Implementing RabbitMQ and Kafka: common use cases
My name is Lior and I’m a Software Engineer at BigPanda. Our product was developed a few years ago, when asynchronous processing solutions were still in their early days. In recent months we encountered scalability challenges which drove us to look for a more appropriate solution than our current one which is rabbitMQ queue system.
When choosing between RabbitMQ and Kafka one should keep in mind that the two operate by different concepts: RabbitMQ is a more intuitive broker system. It leverages added flexibility by using exchanges. Kafka is considered a more complex system, engineered specifically for distributed systems problems and processing ‘big data’.
In this article I want to look at three common use cases, and for each use case I will present an implementation using each technology. For the following use cases I will refer to RabbitMQ’s queue and Kafka’s topic both as a queue for simpler comparison.
So what are the common use cases?
PubSub
Sending messages from one producer to multiple subscribers in a publisher subscriber pattern.
- RabbitMQ distributes events between subscribed consumers. In order to send all events to all subscribers we will need to use an exchange between the producer and the queues:
2. Kafka sends all published events to all subscribed consumers by default. Therefore we just need to configure each consumer group to subscribe to the same topic (“Queue”):
Routing
Routing is the ability to route each message to one or more different queues.
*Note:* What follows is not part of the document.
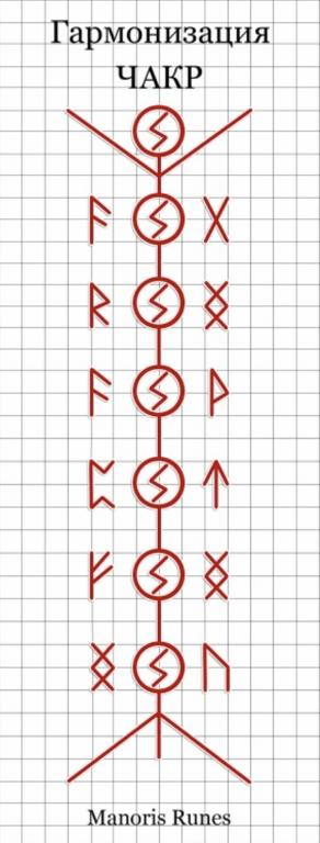 В каждой чакре вы рисуете руну Соуло и проговариваете её действие, затем дополнительные руны справа и слева и опять же, оговариваете их действие.
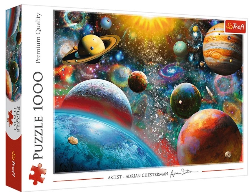 Пазлы на 1000 элементов с красочным изображением безграничного космического пространства с картины "Космос" известного британского цифрового художника и иллюстратора Адриана Честермана.

- In this case RabbitMQ is more intuitive than kafka. If we use an exchange the same way we did with the PubSub, we only need to define a routing_key for the exchange :
2. In Kafka there is no quick out of the box capability that enables routing each message to different queues. A possible solution will be to use a dedicated micro service which will consume the messages from “Queue1” (see image) and then will route them (will produce them to “Queue2” and “Queue3”) according to the routing rules we wish to apply. In this case the routing is not handled by the queue system but in the code we implement in “Consumer1” service:
Work Queue
The idea behind work queue is to be able to concurrently handle messages with multiple consumers
- To implement a work queue with RabbitMQ you bind the consumers to the same queue:
2. With Kafka we have a dedicated feature for this ability, You define each of the dedicated consumers as part of the same consumer group. This way the Kafka broker will handle the messages distribution between the consumers on that consumer group. The constraint is that the number of consumers in the consumer group is limited to the number of partitions you have :
Summary:
RabbitMQ and Kafka are useful systems for many use cases. We saw that typically we would prefer using Kafka to implement the PubSub use case, while for Routing it will probably be RabbitMQ. Either way, you should be familiar with the features provided by each system (exchange, consumer group, routing_key etc’) to make the best decision for your product.